Es ist Sonntag, der 26. September 1926 und wir befinden uns im Pariser Künstlerviertel Montparnasse. Genauer gesagt im bescheidenen Hotel „Le Jardin“, das nicht so recht in die opulente Gegend passen will und intime Bühne für die schicksalhaften Ereignisse wird, die sich in den folgenden sieben Tagen zutragen werden. DIE MAGIER VON MONTPARNASSE ist Oliver Plaschkas dritte Romanveröffentlichung und erschien 2010. Sein letztes Buch, DAS LICHT HINTER DEN WOLKEN, stand auf der Shortlist des SERAPH für das beste Buch 2013.

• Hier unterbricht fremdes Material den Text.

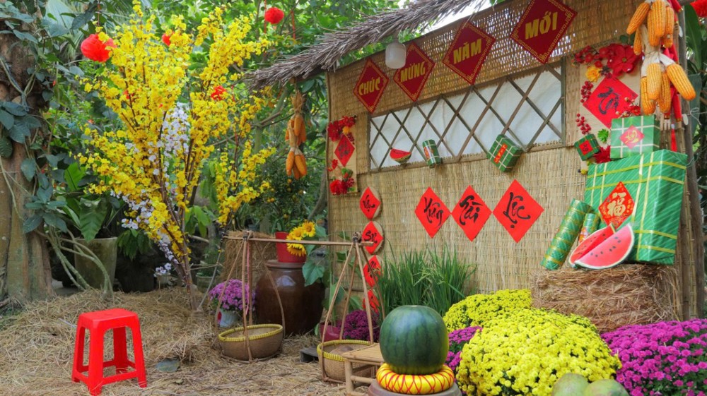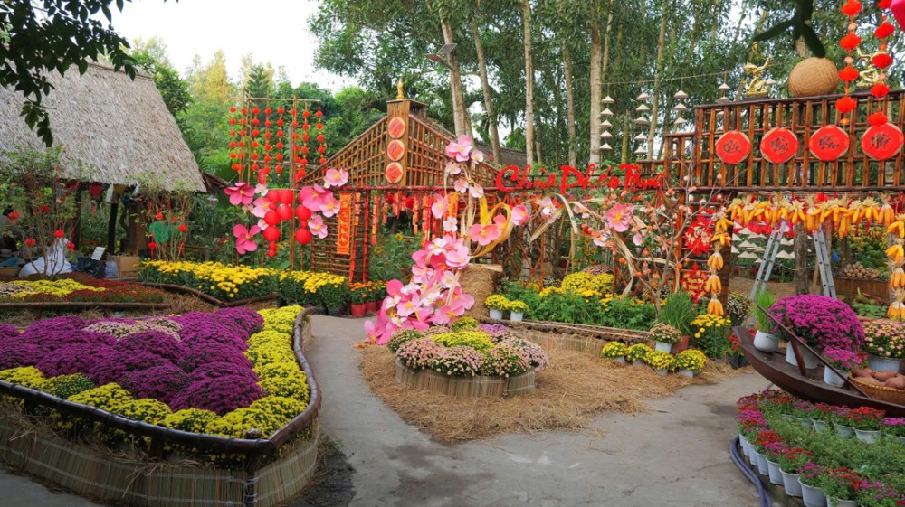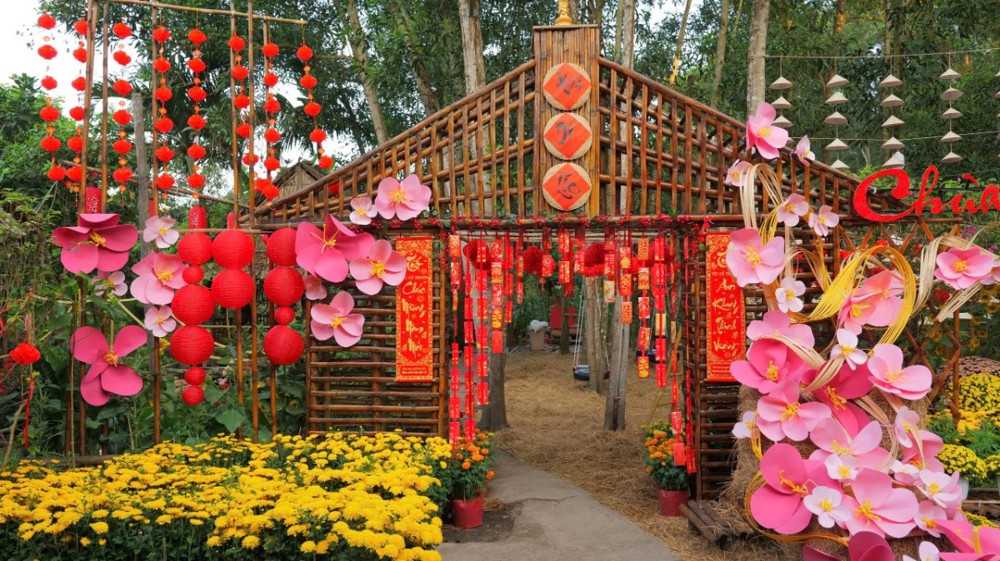 Với chủ đề Xuân Bính Ngọ 2026, chùa Pháp Tạng (Xã Bình Lợi, TP.HCM) được trang hoàng trang nghiêm mà ấm áp, tái hiện hình ảnh làng quê Nam Bộ thanh bình giữa chốn đô hội. Những tiểu cảnh mộc mạc với chợ quê, mái tranh, ghe thuyền, hoa trái ngày Tết… không chỉ tạo nên sắc xuân rực rỡ mà còn gợi nhắc tình quê, giúp người ghé thăm cảm nhận sự gần gũi, thân thương và bình yên nơi cửa thiền.

Jeder Tag ist derselbe, alles ändert sich

Ein Bühnenzauber geht schief und der Zauberer Ravi muss echte Magie einsetzen, um sich und seine Assistentin Blanche zu retten. Noch bevor er den Zauber wirkt, ist er sich bewusst, dass dieser Regelverstoß Konsequenzen nach sich ziehen wird. Und ausgerechnet diesen Moment nutzt Blanche, um am Ende der Vorstellung ein magisches Versprechen einzulösen, dessen mächtiges Symbol ein „herbstfarbener Apfel“ ist. Sie fällt in einen tiefen Schlaf, der am nächsten Tag enden soll – doch dieser Tag kommt nicht. Die Société Silencieuse, die über die Einhaltung der Regeln der Magie wacht, hat die Zeit angehalten und zwingt die Welt, den 26. September 1926 wieder und wieder zu erleben.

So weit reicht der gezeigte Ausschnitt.